● Task instructions
Do not copy the pictures. Write out the lines from the start of the entries through the line containing "Katzen Tasse mit".

● Data excerpts
- - - - - - -

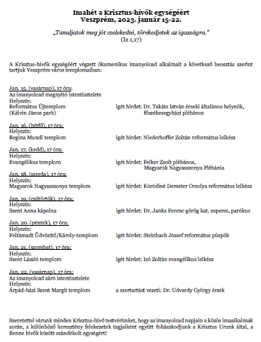 Te azért küldted el Jézust, hogy általa lépteinket a béke útjára vezesd. Tudjuk, hogy te nem úgy adod nekünk a békét, ahogy a világ adja. Tudjuk, hogy a benned való megnyugvás csak a te Országodban jön el maradéktalanul. Mégis, most a világ békéjét kérjük tőled. A te Igédre hagyatkozva könyörgünk így, hiszen te azt mondtad: Éljetek egymással egyetértésben és békében. Szorongattatott helyzetünkben ma különösen Ukrajna békéjét kérjük tőled. Az országban élő magyar testvéreinkkel is közösséget vállalva imádkozunk a megnyugvás és a kölcsönös elfogadás lelkéért. Az ember szívének vágya az élet és a béke. Lelkünk legmélyéből kérjük tehát a szív, a családok, a közösségek és a népek békéjét. Minden bűnünk ellenére add meg nekünk a kiengesztelődés kegyelmét. Jézus, a Béke Fejedelme által, a Szentlélekben imádkozva kérjük ezt Tőled, Atyánktól, aki élsz és uralkodol mindörökkön-örökké. Ámen.
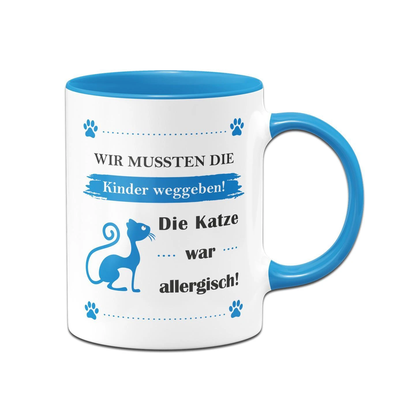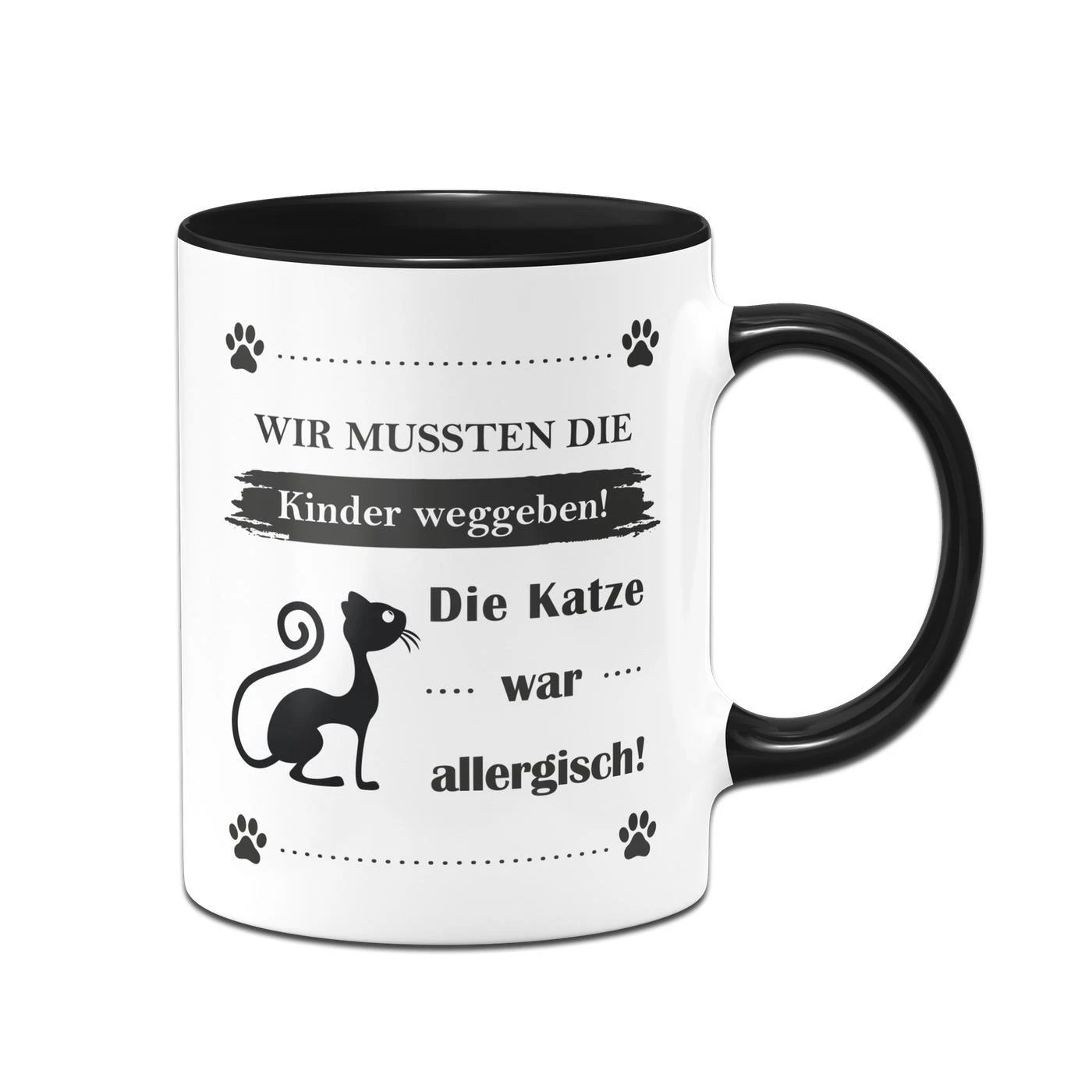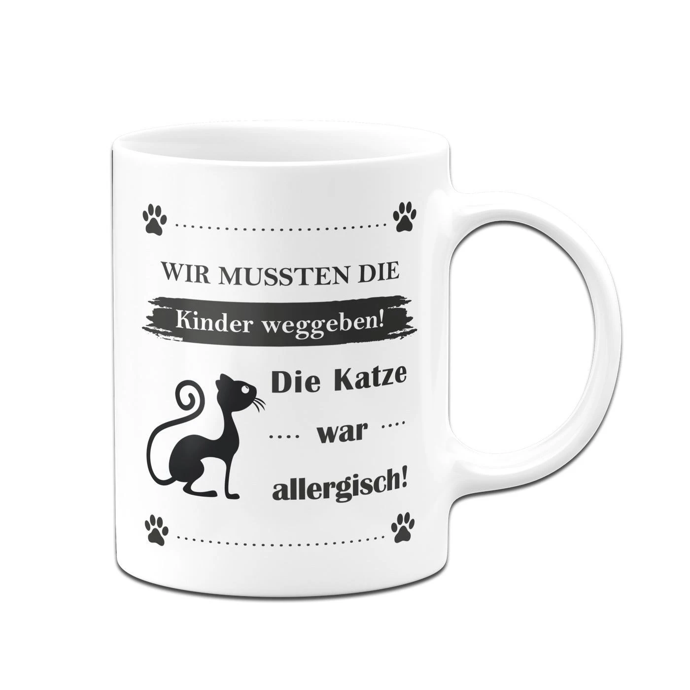 Katzen Tasse mit Spruch: Wir mussten die Kinder weggeben! Die Katze war allergisch! 🐈
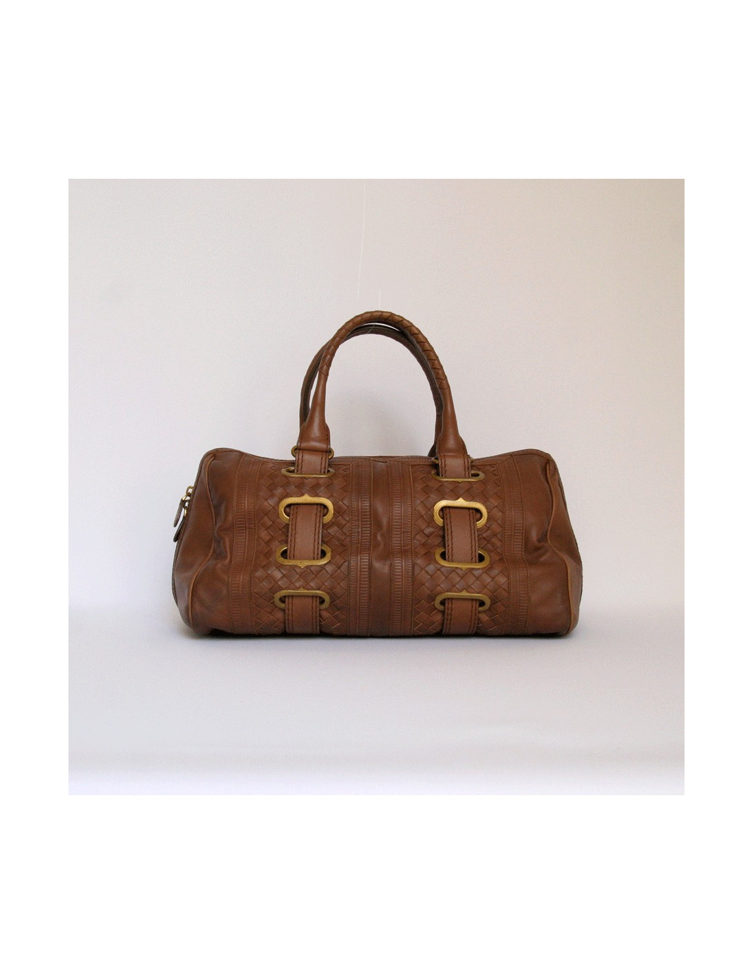 Sublime sac BOTTEGA VENETA en cuir marron, partie tressé et cuir lisse. L'intérieur est en peau retournée marron avec une grande poche zippée. Il a deux anses de 43 cm. Il peut se porter à la main et à l'épaule. Il est en très bon état.
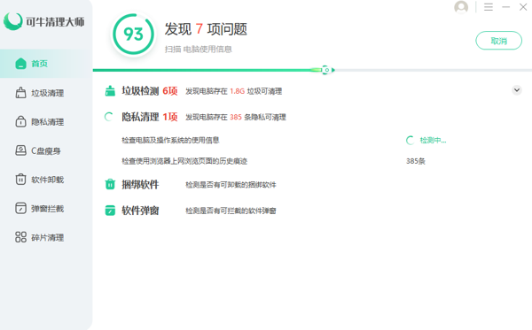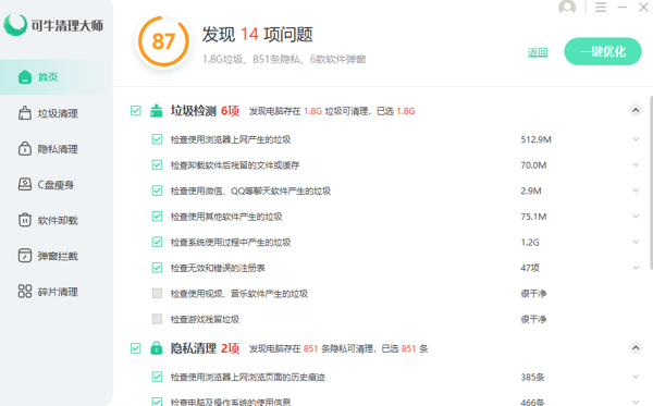 可牛清理大师能深度清理系统无用的缓存文件、临时文件等,还支持上千款常用软件的垃圾清理,可以有效拦截各种软件的恶意弹窗,让用户免受弹窗干扰,享受安静的电脑使用体验;在面对大文件能快速定位 ,并支持将系统盘中安装的软件批量迁移至其他磁盘,转移虚拟内存,帮助整理更多 C 盘可用空间。
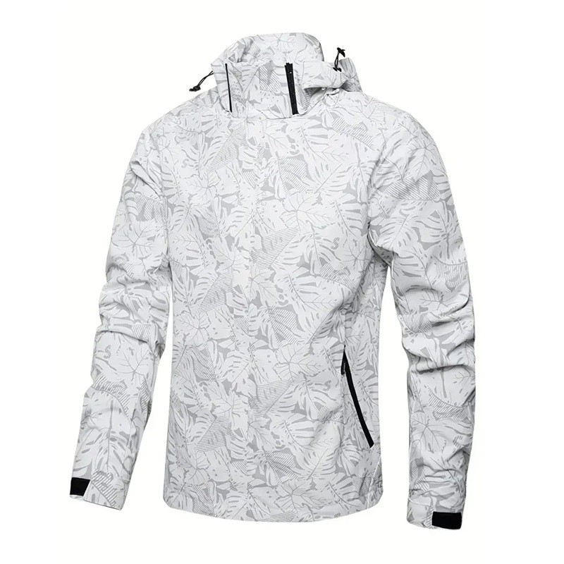 Giacca impermeabile da uomo con cappuccio e cerniera, motivo foglie, poliestere, con tasche, ideale per giorni freddi e piovosi, scelta comoda e funzionale. Descrizione completa
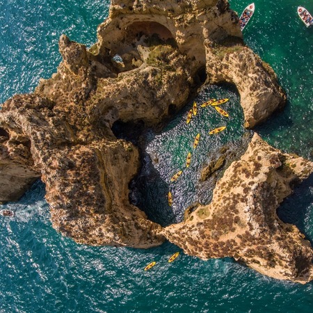 Kayaks on sea water at Ponta da Piedade, Algarve region, Portugal
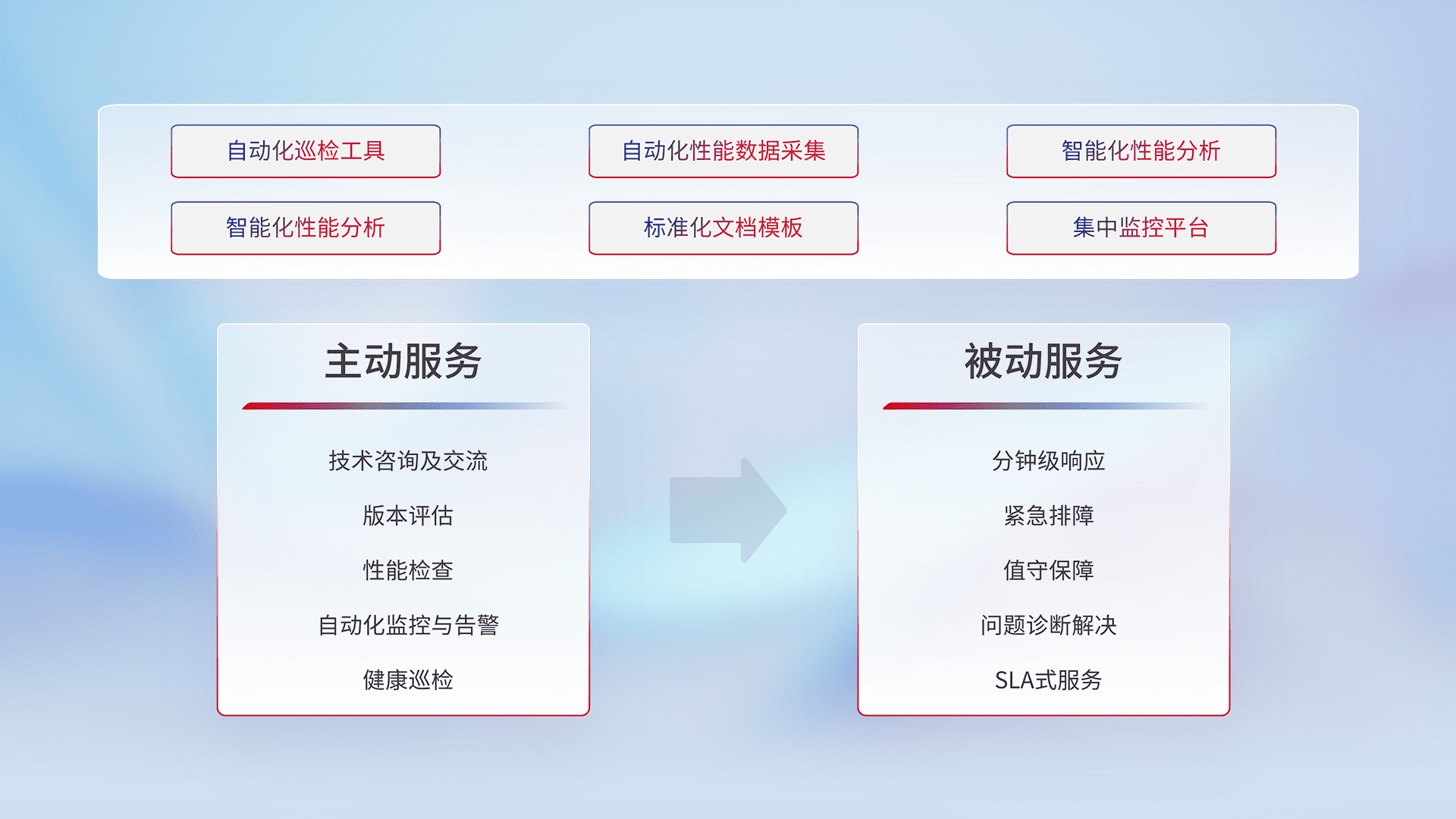 智能化工具和标准化文档,,,保障服务质量,,,,提供主动服务(包含技术咨询、、、、版本评估、、性能检查、、、自动化监控与告警、、、健康巡检)和被动服务包含(分钟级响应、、、紧急排障、、、值守保障、、、问题诊断解决、、、SLA服务)。。。
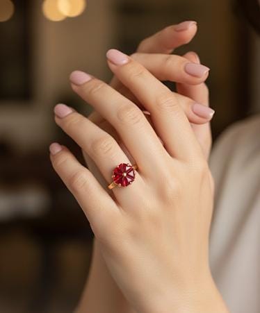 This spectacular ring showcases bold design confidence through its impressive ruby cluster arrangement. The piece features multiple ruby-red gemstones grouped together creating substantial visual impact and luxurious presence. The cluster design allows for impressive overall size while maintaining wearability and comfort. Each ruby displays rich red coloring that symbolizes passion, celebration, and prosperity across cultures. The warm gold setting provides framework that enhances each individual stone while creating unified design. The substantial presence makes this ring ideal for celebrations, formal events, cocktail parties, and any occasion where statement jewelry is appreciated. This ring works beautifully for those who embrace bold fashion choices and aren’t hesitant to let their jewelry make impressions. The cluster arrangement creates dynamic play of light as each stone catches illumination from different angles. This ensures the ring maintains visual interest and sparkle in all lighting conditions. The quality construction secures each gemstone firmly while the comfortable band design allows extended wear. This piece represents cocktail ring styling at its finest – impressive, luxurious, and unabashedly glamorous. The ring pairs beautifully with formal evening wear including gowns and elegant cocktail dresses. It also works with traditional ethnic attire, particularly during festival celebrations and cultural ceremonies. The ruby cluster makes this ring particularly appropriate for milestone celebrations, significant anniversaries, and important life achievements. The substantial design ensures this piece becomes conversation starter and focal point rather than subtle accessory. This represents investment jewelry with both aesthetic and emotional value, the kind of piece associated with memorable occasions and special moments. The classic appeal of ruby gemstones combined with timeless cluster design ensures this ring remains stylish across generations, potentially becoming treasured family jewelry with stories attached to its sparkle.
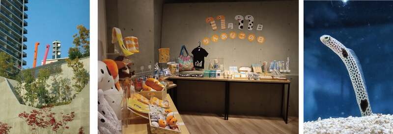 見どころは、屋上に登場する全長約8mの巨大チンアナゴ型エアーダンサー。そのほか、生きたチンアナゴの展示や、さまざまなグッズがそろう特設コーナーなど、まさにチンアナゴ尽くしの内容です。

- - - - - - -

● Answer to this task
 Te azért küldted el Jézust, hogy általa lépteinket a béke útjára vezesd. Tudjuk, hogy te nem úgy adod nekünk a békét, ahogy a világ adja. Tudjuk, hogy a benned való megnyugvás csak a te Országodban jön el maradéktalanul. Mégis, most a világ békéjét kérjük tőled. A te Igédre hagyatkozva könyörgünk így, hiszen te azt mondtad: Éljetek egymással egyetértésben és békében. Szorongattatott helyzetünkben ma különösen Ukrajna békéjét kérjük tőled. Az országban élő magyar testvéreinkkel is közösséget vállalva imádkozunk a megnyugvás és a kölcsönös elfogadás lelkéért. Az ember szívének vágya az élet és a béke. Lelkünk legmélyéből kérjük tehát a szív, a családok, a közösségek és a népek békéjét. Minden bűnünk ellenére add meg nekünk a kiengesztelődés kegyelmét. Jézus, a Béke Fejedelme által, a Szentlélekben imádkozva kérjük ezt Tőled, Atyánktól, aki élsz és uralkodol mindörökkön-örökké. Ámen.
 Katzen Tasse mit Spruch: Wir mussten die Kinder weggeben! Die Katze war allergisch! 🐈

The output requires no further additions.